Aku benar-benar terharu mendengar kisah hidupnya. Dia mempunyai cita-cita yang tinggi, dan sangat sulit untuk terwujud, meskipun dia sudah berusaha semampunya. Aku pun hanya bisa menghiburnya. Dia sudah tidak ingin pulang ke rumahnya. Tiba-tiba terlintas ide di pikiranku. Aku menawarkan pekerjaan di restoran padanya. Awalnya dia ragu, tapi akhirnya di mau. Aku pun mengajaknya pulang ke rumah.

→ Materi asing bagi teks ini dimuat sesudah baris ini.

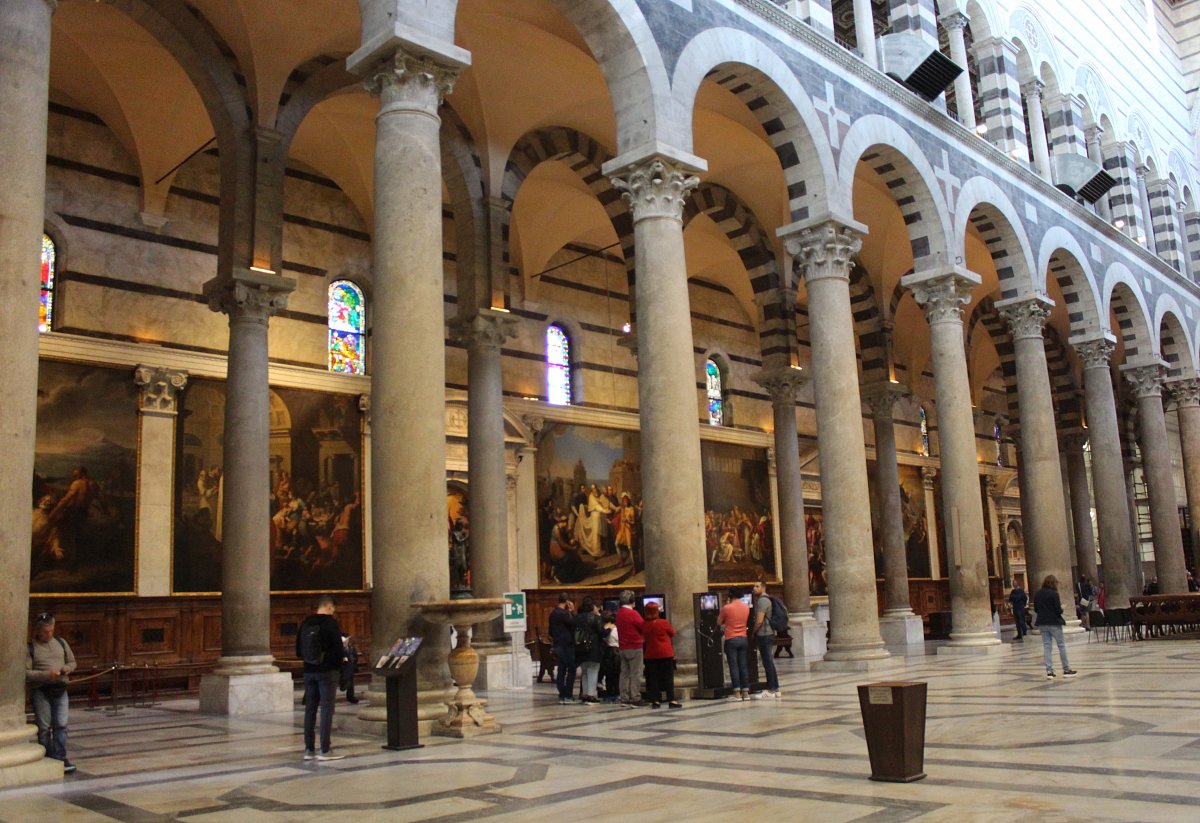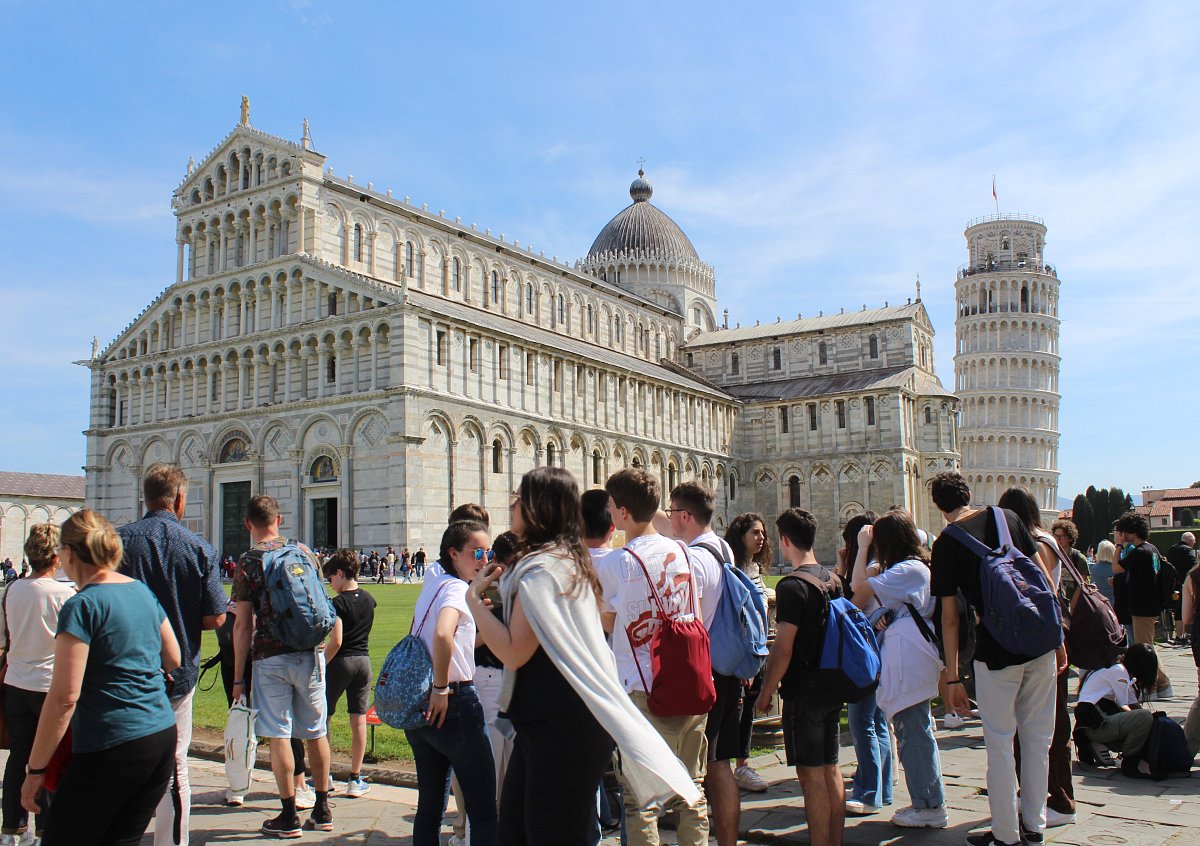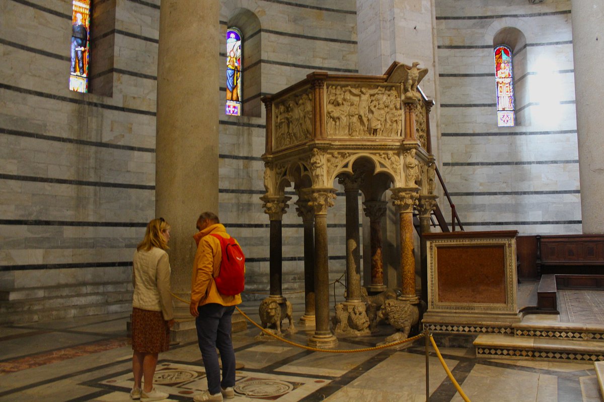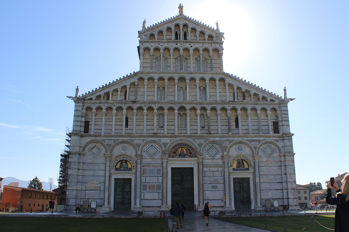 Na místě jsme byli mezi prvními. Pohled na bílé stavby uprostřed udržovaného zeleného trávníku byl úchvatný. Měla jsem představu, že tam někde stojí jedna opuštěná šikmá věž, ale ona byla obklopena krásnými mramorovými stavbami. Celkem jsou na jednom místě čtyři. Tomuto místu se říká "Pole zázraků". Nejprve jsme si prohlédli Baptisterium sv. Jana Křtitele, které měří na výšku 55 metrů. Stavba postavená již ve 12. století je obložena bílým mramorem a zdobená mnoha různými sochami.Samotná střecha, která připomíná citron, byla dostavěna až o dvě století později. Další památkou je hřbitov Camposanto Monumentale, nejkrásnější pohřebiště na světě. Dominantou je Katedrála Nanebevzetí Panny Marie, nejstarší budova z uvedených, která se začala stavět již v roce 1064. Tuto stavbu bohužel zastiňuje ona vyhlášená šikmá věž. Když jsme dokončili prohlídku chrámu, stačili prostranství mezi památkami zaplnit návštěvníci z celého světa. Počasí se vydařilo a snad každý se chtěl zvěčnit na památku před posledním divem, před šikmou věží. Tato osmipatrová stavba byla postavena na písečném podloží a krátce před dokončením už se začala naklánět. Celé generace stavitelů se snaží památku zabezpečit před zřícením.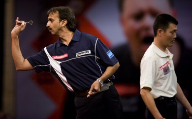 In the second leg Ashfaque threw first and begun with a score of 140. Shi replied with the same score, but it was Shi who again edged ahead and took the second leg against the darts in a close-fought game. The turning point was the third leg. Ashfaque left himself 112 to win the leg and successfully hit the treble 20 (60 points) with his first dart. This left 52 points which is usually achieved by shooting for single 12 and then double 20. At any other time, I am certain Ashfaque would have won the leg but, possibly because of the pressure of being a first timer at the world championships, he missed the single 12 completely and Shi stepped up and stole the leg.

Mama menyambut kami dengan air mata. Ya Tuhan, maafkan aku telah membuat mamaku menangis. Aku memperkenalkan mama pada Putri. Untuk sementara, Putri akan tinggal di rumah kami. Dan lagi, terlintas sesuatu di pikiranku. Aku meminta izin Putri untuk menjadikan kisah hidupnya menjadi sebuah cerpen yang akan kubuat untuk mengikuti lomba. Dan dia mengizinkan, asalkan tidak mencantumkan nama aslinya. Ya, benar, aku akan ikut lomba itu! Aku tidak akan mengecewakan mama.
Sebulan telah berlalu. Hari ini adalah hari pengumuman hasil lomba menulis yang kuikuti sebulah lalu untuk menyenangkan hati mama, sahabatku Dinda, serta Jo yang telah memberikan selembar kertas yang cukup bisa mengubah mimpiku, dan yang entah mengapa selalu ada di sisiku dalam situasi apapun.
Kubuka inbox e-mailku, dan kulihat e-mail yang sudah kami tunggu-tunggu. Subjectnya, CONGRATULATION. Aku pun membaca isinya. Dan saat itu, khayalan mulai menari-nari di benakku, mengawali mimpi yang mulai mekar, hal yang pastinya akan membuat orang-orang yang menyayangiku tersenyum bahagia.